Промолчала стало быть Зоя!
- Везде природа и всюду срок, - повторил я, почему-то мне понравившуюся, фразу.
Я не то заснул, не то впал в забытье. Перед тем, как сознание мое было задернуто мутноватой пеленой, я успел подумать о воде, о желтой воде, вливающейся в рот, ноздри, уши тонущего, воде которую стоит только в себя втянуть, чтобы сразу все устроилось: ни горя больше не будет, ни угрызений, ни паралича воли, ни опасения быть найденным, ни даже опасения быть вынужденным поступить в госпиталь...
Когда я проснулся (или очнулся?), у самой моей постели стоял хозяин гостиницы и, рядом с ним, молодая, черноглазая и черноволосая женщина. Оба на меня смотрели.
- Очнулся, - сказала женщина.
- Вы больны? - осведомился хозяин.
{132} Вид у него был озабоченный и враждебный.
Прежде всего прочего я испытал тревогу: не узнал ли он меня, увидав фотографии в газете? Но газеты оказались, аккуратно сложенными, на столе, так что, по-видимому, с этой стороны все обстояло благополучно. Тогда я произнес:
- Да.

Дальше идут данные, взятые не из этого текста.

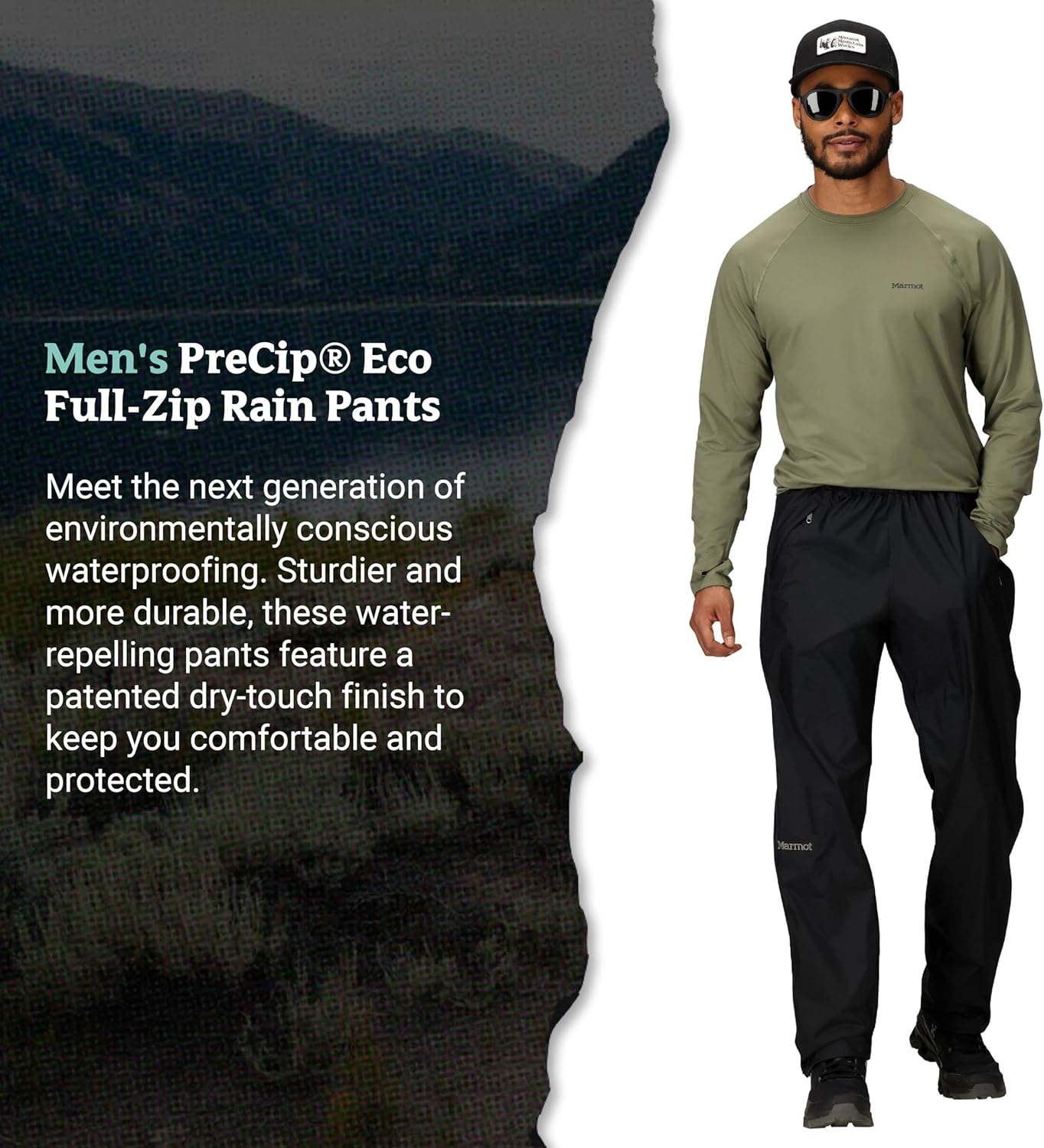 Stay Comfortable and Dry – Designed for adventure even in rain, the PreCip Eco Full Zip Pant is durable and designed with fully waterproof and breathable PFC-free DWR Marmot NanoPro nylon ripstop fabric with fully sealed seams, perfect rain pants for men whether jogging, hiking, golfing, or just to add to your best backpacking gear

У меня сильная мигрень и большой жар. И меня тошнит.
- Хотите, чтобы позвали доктора?
- Я думаю, что надо позвать доктора.
- Я же вам говорила, - вмешалась брюнетка. - Я из своей комнаты слышала, как он бредит.
Хозяин оглянул ее с досадой и, обратившись ко мне, спросил:
- Как же насчет доктора? Да или нет?
- Да, конечно.
Хозяин вышел. Брюнетка, задержавшись, рассказала, что о моем состоянии ей, еще утром, сказал уборщик. Позже она услыхала мои стоны и выкрики и решила посмотреть сама. Когда она открыла дверь, то я лежал, сбросив одеяло, раскинув руки и тяжело дыша. Тогда она вызвала хозяина.
- Почему вы не послали за доктором с утра? - спросила она.
- На все свой срок и везде природа, - промычал я.
- Что?
- Ничего.
- Если вам что-нибудь нужно, постучите в стену. Я буду все время шить. И какое же стеснение между соседями? Надо друг другу помогать.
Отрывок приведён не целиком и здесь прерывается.